Friday Food for Thought: 14 June 2024

What is a person but a collection of choices?

Ed Harris as William, Westworld Season 2
Two images from Fire and Ice (1983)

I don’t have much experience with adult animation films. (And by “adult” I don’t mean porno, but movies aimed at grown-ups instead of children.) So this week I watched two animated films directed and co-produced by Ralph Bakshi, the long-time filmmaker, animator, and painter. Fire and Ice (1983) was a collaboration with Frank Frazetta (1928 – 2010) and Frazetta’s influence on the art is very clear. The story was written by Roy Thomas and Gerry Conway, both names I’m familiar with from my comic-collecting days for their prolific work with Marvel Comics.

Two images from Fire and Ice (1983)

The story of Fire and Ice is fairly simplistic. There is a good kingdom and a bad kingdom, and the bad kingdom invades the good kingdom because that’s what bad kingdoms do. There is a princess, there is a warrior. They fall in love while spending the entire film mostly naked, and good heavens if I looked that good I would parade around in animal-skin thongs, too. The art is the primary reason to watch Fire and Ice, and that holds up very well decades later.

Two images from American Pop (1981)

Fire and Ice impressed me enough that I immediately watched Bakshi’s American Pop (1981). This has a more complex story, following the male descendants of a family from 1890s Russia to 1970s New York City. At a runtime of only 96 minutes, I would have liked a little more depth from American Pop. But, like Fire and Ice, the art is a lot of the appeal. So if you’re in the mood for a visual feast, I recommend both movies, and both are streaming on Tubi at the time I write this.
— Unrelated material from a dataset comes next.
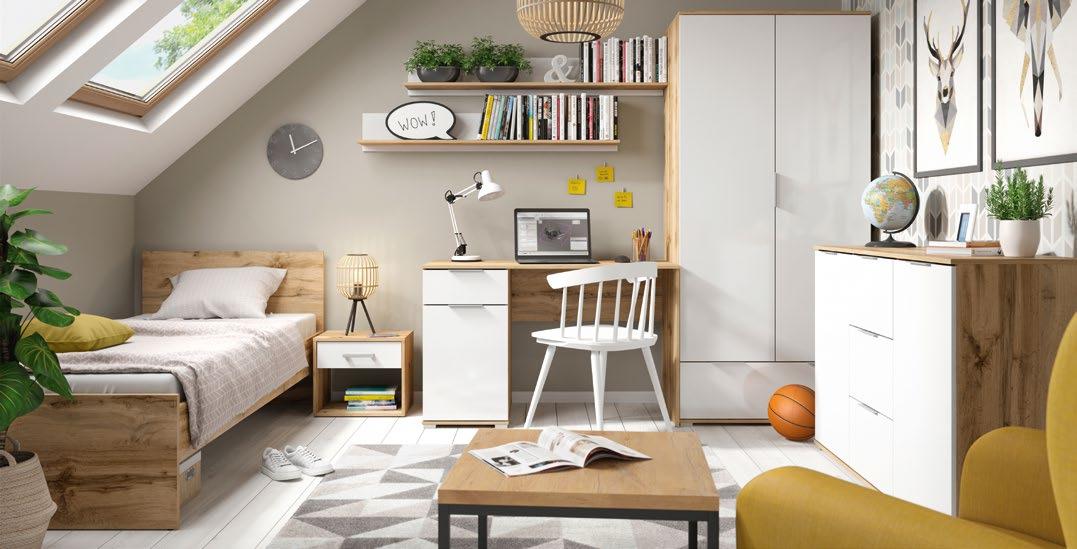 6. Szafka nocna KOM1S Matos 109,kolor: dąb wotan/biały ** cena obowiązuje w dniach 18.11-26.12.2024 *** cena łóżka nie obejmuje stelaża i materaca 229,399,- * -42% ***

Two images from American Pop (1981)

After watching Westworld Season 1 the previous week, I went forward with Season 2 this week. There’s still a lot to like, but the story is not as consistently compelling as the first season. Most of the first season episodes were written or co-written by series creators Lisa Joy and Jonathan Nolan. They were much less involved in writing Season 2, and I feel the show suffers a bit as a result. Still, the acting, music, visual effects, and overall production are still outstanding, and far more interesting than most TV series I see advertised these days. And the series continues to contemplate issues of identity, free will, loss, and whether we humans are really as important as we think we are.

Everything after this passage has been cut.